Next, the operation of the resource control unit 121 will be described based on the flow chart of FIG. 10. In Step 730, the resource control unit 121 refers to the physical core group management information 110 to search for the physical core group that meets the condition that “the number of the belonging physical cores 401 is greater than the minimum number of physical cores during system failure 402”.

In Step 731, the resource control unit 121 determines whether or not there is a physical core group that meets the condition that “the number of the belonging physical cores 401 is greater than the minimum number of physical cores during system failure 402” as a result of the search in Step 730. As a result of the determination, if there is a physical core group that meets the condition, the resource control unit 121 proceeds to Step 740, while if there is no physical core group that meets the condition, the resource control unit 121 proceeds to Step 732.

In Step 732, the resource control unit 121 refers to the physical core group management information 110, the LPAR management information 112, and the logical core management information 113, to search for an LPAR that meets the condition that “the number of physical cores allocated to the logical core possessed by the LPAR is greater than the minimum number of physical cores during system failure 603”.

In Step 733, if there is an LPAR that meets the condition that “the number of physical cores allocated to the logical core possessed by the LPAR is greater than the minimum number of physical cores during system failure 603” as a result of the search in Step 732, the resource control unit 121 proceeds to Step 750, while if there is no LPAR that meets the condition, the resource control unit 121 proceeds to Step 734.

In Step 734, the resource control unit 121 issues a failure notification request to the input/output control unit 120 to notify that it failed to switch the failed physical core.

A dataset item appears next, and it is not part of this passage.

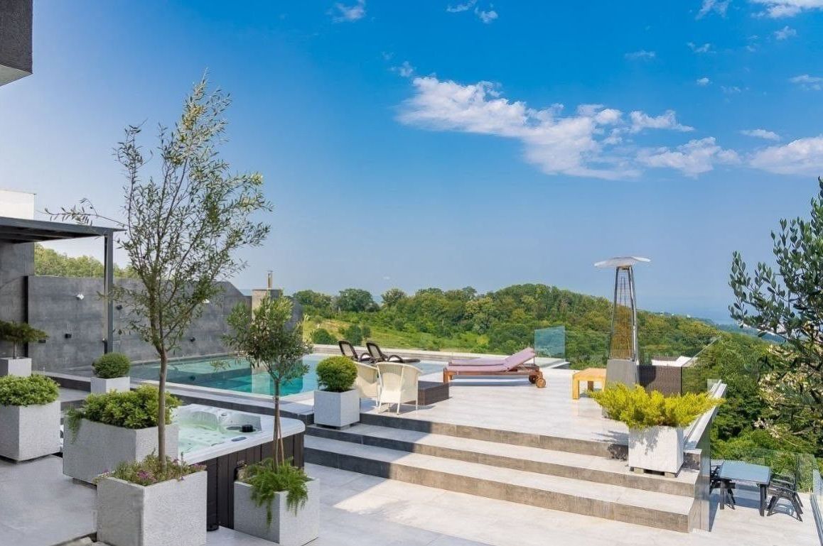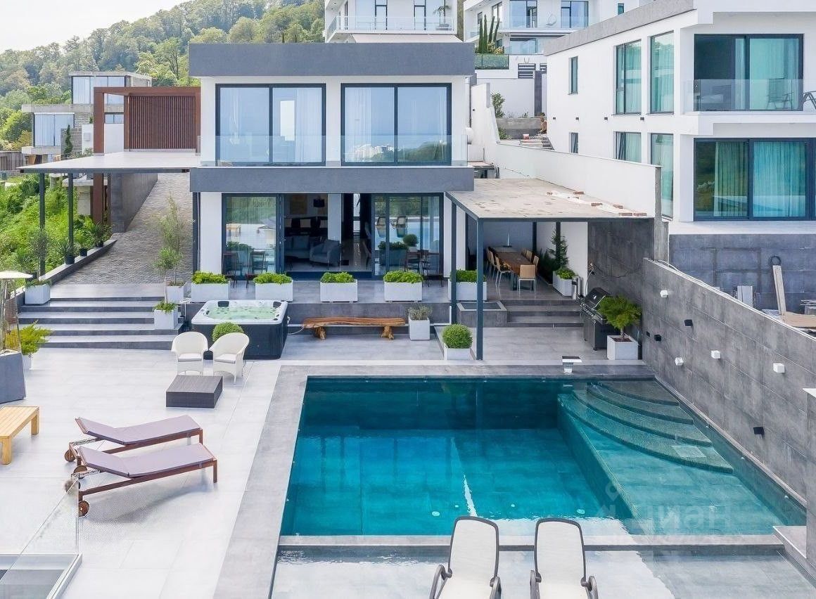 Расположенный в одном из самых респектабельных районов Сочи, этот двухуровневый коттедж обеспечивает высочайший уровень проживания благодаря уникальной архитектуре, изысканным интерьерным решениям и восхитительному виду на морские просторы, ночной город и густые лесистые холмы.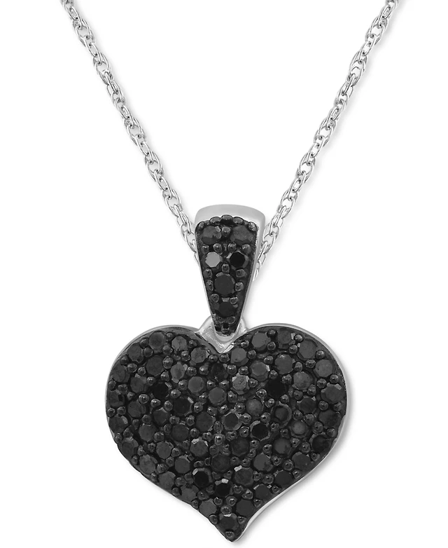 Black & White Diamond Heart Drop 18" Pendant Necklace (1/6 ct. t.w.) in Sterling Silver

Upon receiving the failure notification request, the input/output control unit 120 displays the screen in the terminal 101 through the connection unit 173, to notify that a failed physical core was detected but it failed to change the allocation of the failed physical core to the logical core of the LPAR. From the notification on the screen, the operator (user, administrator) can know the occurrence of failure in the physical core as well as the fact that it failed to change the allocation of the failed physical core to the logical core.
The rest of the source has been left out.